This Post 9/11 Video Is Still Moving After So Many Years

The tragedy of the terror attack of 9/11 that killed nearly 3000 human beings was devastating and there was more tragedy to unfold in the days and months that followed. There was a wave of islamophobia that swept across the United States manifesting in hate speech and hate crimes against Muslims. Such was the ignorance in that hatred, that it indiscriminately attacked anyone who looked like a Muslim – people from Asia, people with turbans and anyone with brown skin. In fact, the first casualty was a hate crime against a Sikh man who was murdered.

‘Retaliation’

Balbir Singh Sodhi was killed because someone wanted to “go out and shoot some towel-heads” after the 9/11 terror attacks. “He was killed simply because of the way he looked,” says a plaque outside the gas station where Sodhi was killed.

This video

After many of these attacks on Sikhs, some of the community members spoke to Indian American standup comic and social commentator Hasan Minaj about it. “Why don't you just go “Hey—I'm not Muslim,”’ ask Minaj.
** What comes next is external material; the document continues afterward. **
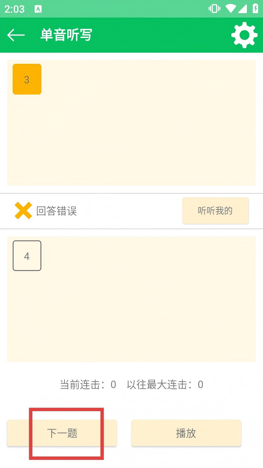 4、若回答错误,点击【下一题】继续进行单音听写练习。

The reply expresses solidarity for other Muslims unfairly and cruelly targeted just for their identity and is heartening.

Don’t deflect hate

The message is that it is as wrong to target innocent Muslims for something that someone else calling themselves Muslims has done; as much as it is to target innocent Sikhs. Saying I am not Muslim, is the deflection of the hate; a way of saying ‘don’t attack me (only) because I am not Muslim.

‘Allyship and solidarity’

It is important for people to acknowledge that if they view every person belonging to one community with hatred and fear, this is prejudice. In this case, it is islamophobia but it could as easily have been some other type of hatred: against a religious identity, nationality, colour of skin or race.

Generosity of spirit

Sindhu Vee is also a standup comic; she is a British Indian comic who expressed her support for the generosity of spirit shown here.

Safety is tied to each other

As the old saying goes, none of us is safe until all of us are safe. The fact is that if one innocent person is attacked for something they didn’t do, any of us could be attacked though we may be as innocent. It is the nature of hatred that it will find reasons to hate and that endangers us all.

Exactly this

In a hate crime such as the one Balbir Singh Sodhi was a victim of, the murderer was clearly a racist and wanted to 'punish' someone he saw as different, as the ‘other’.

Prejudice is not nuanced

By definition, prejudice is about seeing people not as individuals but instead judging them based on only one aspect of their identity. So Sodhi may have been a Sikh person at a petrol pump and another Muslim man may have been a teacher in a school or a college. However, for the person who hates, both are just people of colour and as such deserving of his hatred. This is why prejudice and hate are so dangerous – they discriminate based on identity. They hate indiscriminately. And they do both out of sheer ignorance.

This!

It is not enough that we do not subscribe to and promote hate and prejudice. We have to actively reject and counter it when we see it around us. That is what the Sikh people in the Hasan Minaj video are trying to do. Because, as we know, none of us is safe until we are all safe.